Task: Each entry that follows should be set down precisely, with its pictures removed.

(Records contained in a dataset)
****
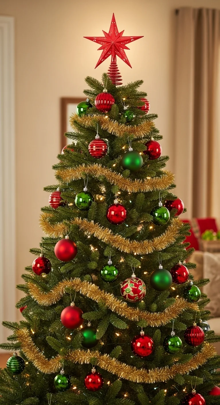 This timeless combo never fades. Red and green ornaments feel like pure Christmas. Add gold accents or plaid ribbons for extra charm. For an easy DIY, paint plain baubles in alternating colors for a cohesive look.
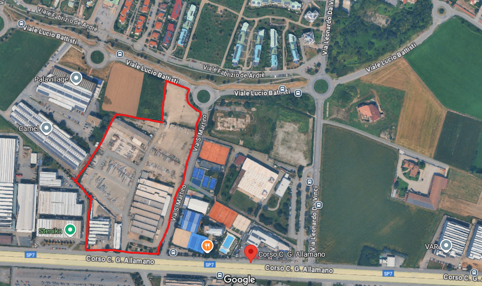 Grugliasco. Fronte C. so Allamano adiacente Centro Sportivo Monviso, terreno industriale/commerciale di mq. 46.000.
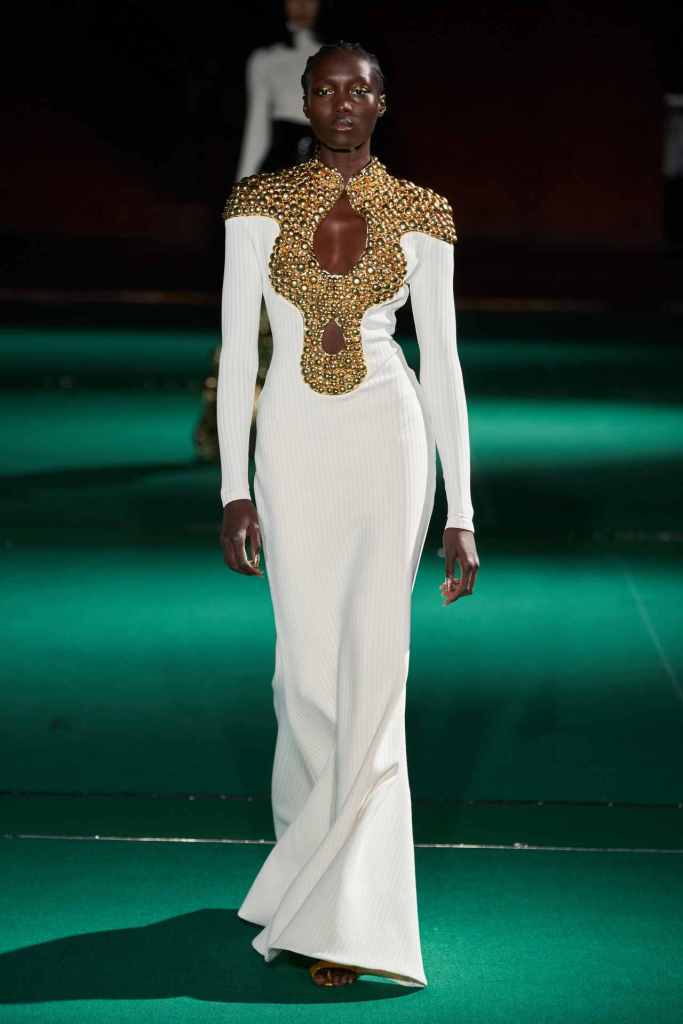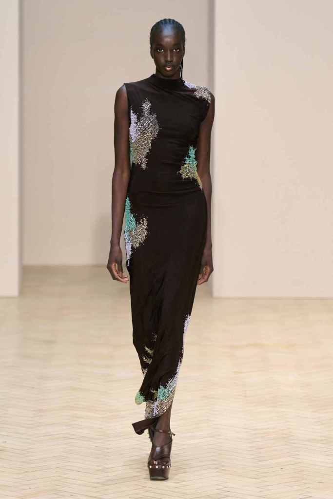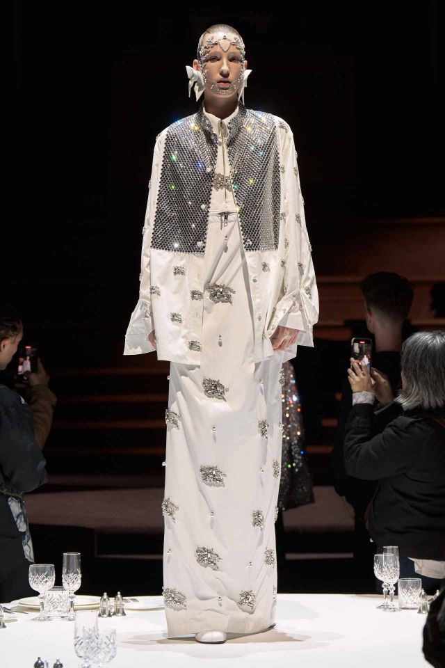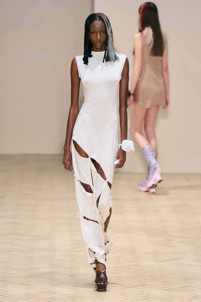 Nensi Dojaka: Probably the best Dojaka lineup yet. Maybe it’s the LVMH price impact but there was an added refinement and luxe in this collection. The cuts were neater and the layering was more delicate than ever. From minidresses to suits, the brand’s signatures were present throughout. The tailoring was rather remarkable along with newer additions to the band design aesthetic.
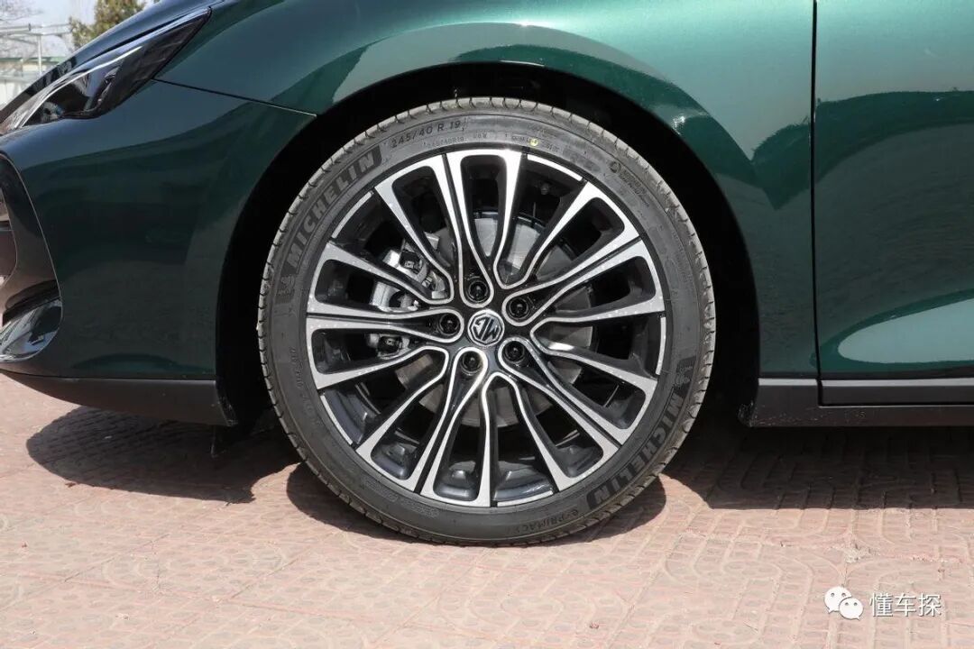 这辆猎美奢享版MG7使用的轮辋是多辐条样式,搭配米其林品牌E PRIMACY系列轮胎,规格为245/40
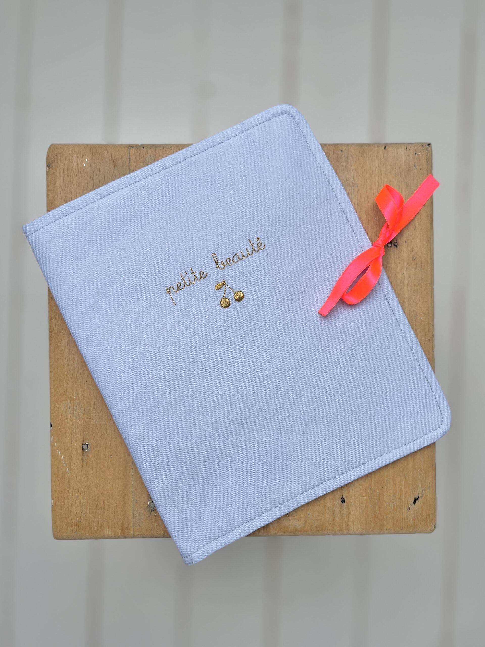 Il s’ouvre comme un livre il peut contenir environ 16 barrettes Brunette. Il est matelassé et se ferme par un joli ruban rose fluo pour une touche pep’s.
****
The completed task:
 This timeless combo never fades. Red and green ornaments feel like pure Christmas. Add gold accents or plaid ribbons for extra charm. For an easy DIY, paint plain baubles in alternating colors for a cohesive look.
 Grugliasco. Fronte C. so Allamano adiacente Centro Sportivo Monviso, terreno industriale/commerciale di mq. 46.000.
 Nensi Dojaka: Probably the best Dojaka lineup yet. Maybe it’s the LVMH price impact but there was an added refinement and luxe in this collection. The cuts were neater and the layering was more delicate than ever. From minidresses to suits, the brand’s signatures were present throughout. The tailoring was rather remarkable along with newer additions to the band design aesthetic.
 这辆猎美奢享版MG7使用的轮辋是多辐条样式,搭配米其林品牌E PRIMACY系列轮胎,规格为245/40
 Il s’ouvre comme un livre il peut contenir environ 16 barrettes Brunette. Il est matelassé et se ferme par un joli ruban rose fluo pour une touche pep’s.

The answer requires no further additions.